Could you set down exactly the lines of the data below, starting at the one that holds "Số lượng người" and ending at the one that holds "雪の結晶モチーフのティアラ、", both included, and only those?

* RECORDS FOR THE TASK *
★ ★ ★

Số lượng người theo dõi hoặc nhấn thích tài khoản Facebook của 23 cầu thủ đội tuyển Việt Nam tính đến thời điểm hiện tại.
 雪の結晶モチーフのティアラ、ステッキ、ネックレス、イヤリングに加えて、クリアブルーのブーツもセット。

★ ★ ★

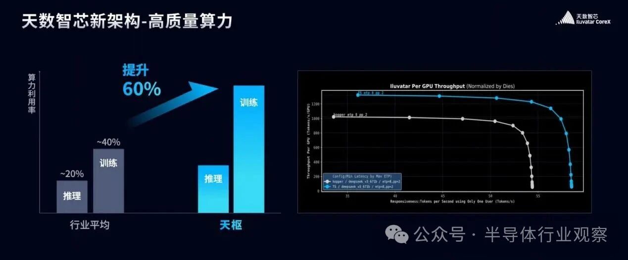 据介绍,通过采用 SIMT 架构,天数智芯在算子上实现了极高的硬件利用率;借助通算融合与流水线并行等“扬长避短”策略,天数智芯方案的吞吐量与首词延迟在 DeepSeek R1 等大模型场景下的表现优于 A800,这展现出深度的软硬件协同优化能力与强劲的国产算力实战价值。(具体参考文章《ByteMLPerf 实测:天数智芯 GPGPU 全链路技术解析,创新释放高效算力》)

★ ★ ★

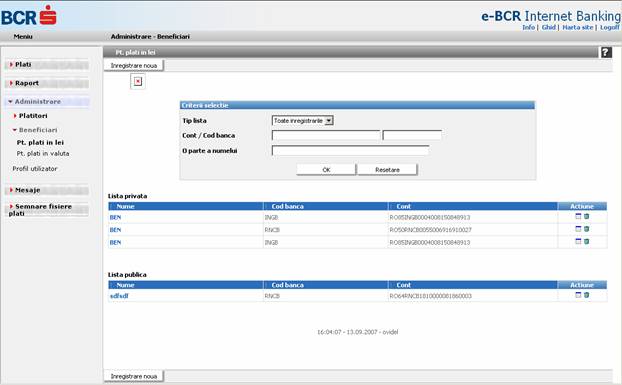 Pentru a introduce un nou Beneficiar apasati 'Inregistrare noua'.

★ ★ ★

* SOLVED EXERCISE *
Số lượng người theo dõi hoặc nhấn thích tài khoản Facebook của 23 cầu thủ đội tuyển Việt Nam tính đến thời điểm hiện tại.
 雪の結晶モチーフのティアラ、ステッキ、ネックレス、イヤリングに加えて、クリアブルーのブーツもセット。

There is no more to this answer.